The capability maturity model (CMM) was developed by the Software Engineering Institute at Carnegie Mellon University as a useful and powerful tool meant to provide guidance in software process improvement efforts. It is a generally applicable model that focuses on “what” rather than “how.”
CMM is the application of total quality management concepts to the process of developing and maintaining software. It enables managers to measure their organizations’ capabilities against a recognized standard and to determine their relative level of software maturity. Many managers, however, have been uncertain of how to implement CMM in their organizations. This book provides the step-by-step instructions and guidance needed to put CMM into practice and conduct software process improvement. It is a pragmatic guideline for how to address CMM in an organizational context.

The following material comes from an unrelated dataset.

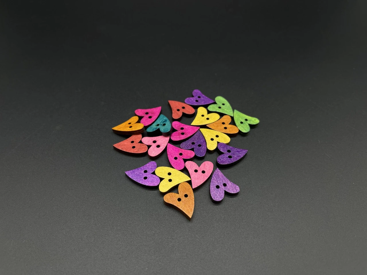 Пуговицы деревянные декоративные, Сердце, 18х16мм, Цвет «разноцветный»

The author, drawing on her first-hand experience in leading process development groups at Unysis, provides sound advice on how to get started, enumerates the problems that are likely to be encountered, and offers workable solutions that have proven effective in a variety of situations. The book is written for software managers involved with total quality management and process improvement. For those venturing into CMM, it will be a valuable resource.
The primary agent for implementing CMM is the software engineering process group (SEPG), a team of software professionals responsible for driving and facilitating process improvement within the organization. The goals of this book are to help SEPGs understand successful improvement in the CMM, work as partners with their customers, and facilitate process improvement efforts that their organizations are willing to accept and follow; to provide tools and techniques for SEPGs; and to provide encouragement for starting and continuously optimizing software process improvement efforts.
The first half of the book contains the description and checkpoints for CMM and explains how CMM can benefit any software organization. It is written in a cheerleading, encouraging, self-help style that not only provides the necessary details, but gives prospective practitioners the feel-good enthusiasm to try to make this process work. The pages are filled with graphs, tables, lists, and charts that provide ample ammunition with which believers can convince their managers of the benefits and applicability of CMM.
The second half of the book is devoted to a number of appendices providing amplification of the graphs, tables, lists, and charts covered in the first part. Most of these have been used at Unysis or similar organizations and have proven beneficial. A CD-ROM is included that contains material from the appendices that can be quickly converted into presentations, handouts, and other literature that managers might need.
I must mention the author’s entertaining writing style. Drawing on her experience as a professional ballet dancer, she has created a believable running analogy between the software development process and the choreography of a dance--thus, the book’s subtitle. This analogy brings the book alive, helping to bring meaning and relevance to the material.